### Exercise
Using the listing below, please print exactly the lines from the one with "頻度は資産価値を1dB(デシ" through the one with "日前,連云港市婦聯(lián". Leave out every picture.

***** Data supplied *****

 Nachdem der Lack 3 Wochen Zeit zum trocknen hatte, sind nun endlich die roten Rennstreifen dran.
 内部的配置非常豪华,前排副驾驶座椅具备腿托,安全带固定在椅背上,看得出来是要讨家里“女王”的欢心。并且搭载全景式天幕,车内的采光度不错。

*****
***** Data supplied *****

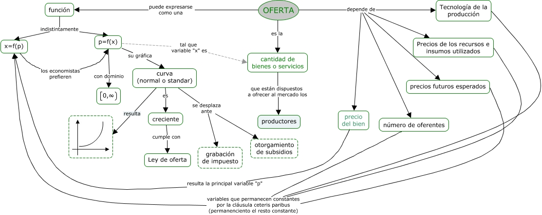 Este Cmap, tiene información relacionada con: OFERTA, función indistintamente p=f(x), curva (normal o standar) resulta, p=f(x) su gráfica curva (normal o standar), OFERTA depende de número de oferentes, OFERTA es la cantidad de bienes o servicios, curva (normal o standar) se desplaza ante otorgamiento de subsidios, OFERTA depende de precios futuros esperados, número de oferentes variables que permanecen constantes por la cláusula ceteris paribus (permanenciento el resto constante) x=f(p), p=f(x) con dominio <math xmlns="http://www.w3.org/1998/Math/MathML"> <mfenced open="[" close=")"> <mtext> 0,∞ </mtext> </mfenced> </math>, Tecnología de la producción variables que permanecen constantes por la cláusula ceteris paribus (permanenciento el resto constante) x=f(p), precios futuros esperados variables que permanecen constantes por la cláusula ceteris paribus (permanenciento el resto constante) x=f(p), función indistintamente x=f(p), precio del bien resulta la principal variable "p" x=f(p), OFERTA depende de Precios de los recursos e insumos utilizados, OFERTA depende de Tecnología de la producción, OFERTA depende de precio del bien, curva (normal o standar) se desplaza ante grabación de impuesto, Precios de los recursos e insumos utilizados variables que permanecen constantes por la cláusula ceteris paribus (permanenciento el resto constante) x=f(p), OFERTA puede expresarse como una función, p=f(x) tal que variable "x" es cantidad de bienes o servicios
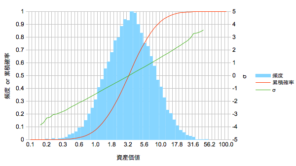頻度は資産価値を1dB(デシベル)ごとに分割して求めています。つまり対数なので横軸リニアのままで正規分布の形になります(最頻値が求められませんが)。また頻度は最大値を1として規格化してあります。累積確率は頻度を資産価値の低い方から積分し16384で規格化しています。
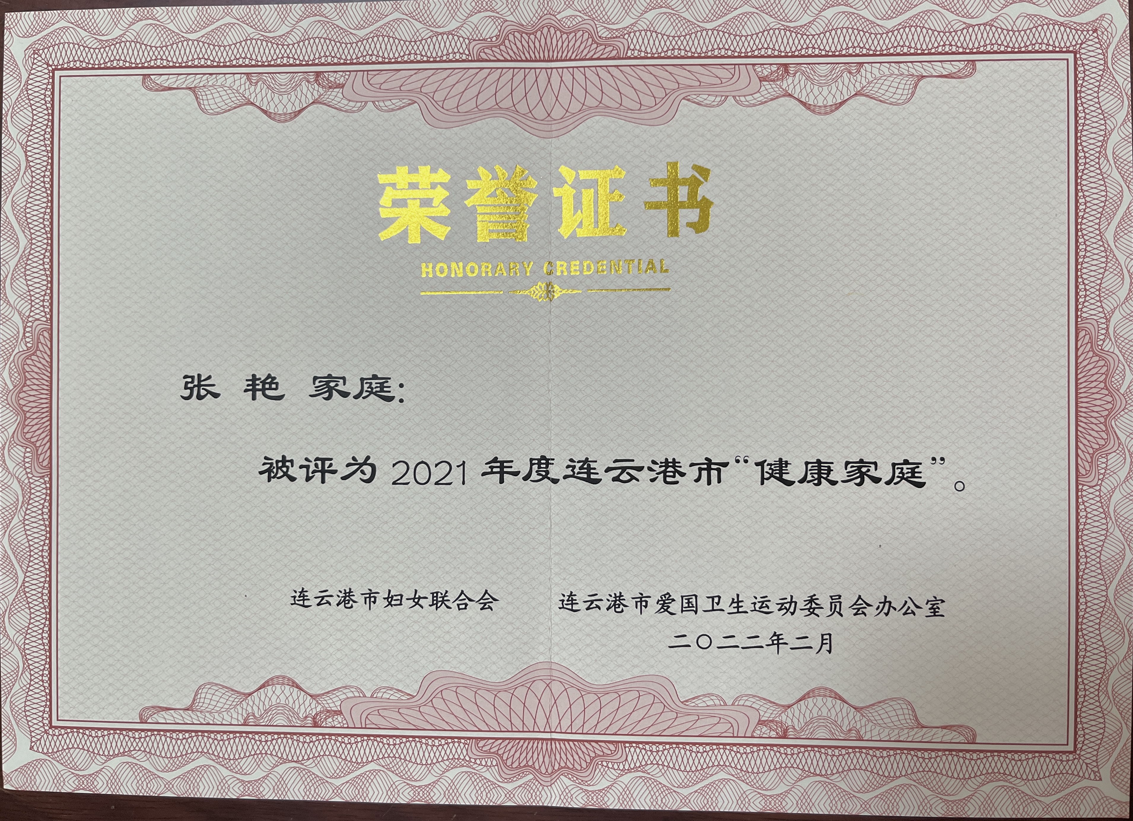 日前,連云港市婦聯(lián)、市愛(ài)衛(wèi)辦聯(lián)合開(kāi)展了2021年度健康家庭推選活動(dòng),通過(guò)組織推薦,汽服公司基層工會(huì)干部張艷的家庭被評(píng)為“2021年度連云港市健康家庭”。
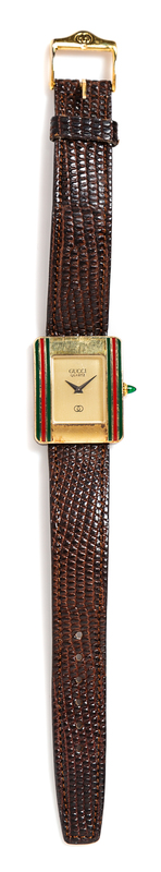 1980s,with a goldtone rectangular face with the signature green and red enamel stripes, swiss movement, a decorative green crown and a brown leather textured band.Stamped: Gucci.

*****

### Problem solution
頻度は資産価値を1dB(デシベル)ごとに分割して求めています。つまり対数なので横軸リニアのままで正規分布の形になります(最頻値が求められませんが)。また頻度は最大値を1として規格化してあります。累積確率は頻度を資産価値の低い方から積分し16384で規格化しています。
 日前,連云港市婦聯(lián)、市愛(ài)衛(wèi)辦聯(lián)合開(kāi)展了2021年度健康家庭推選活動(dòng),通過(guò)組織推薦,汽服公司基層工會(huì)干部張艷的家庭被評(píng)為“2021年度連云港市健康家庭”。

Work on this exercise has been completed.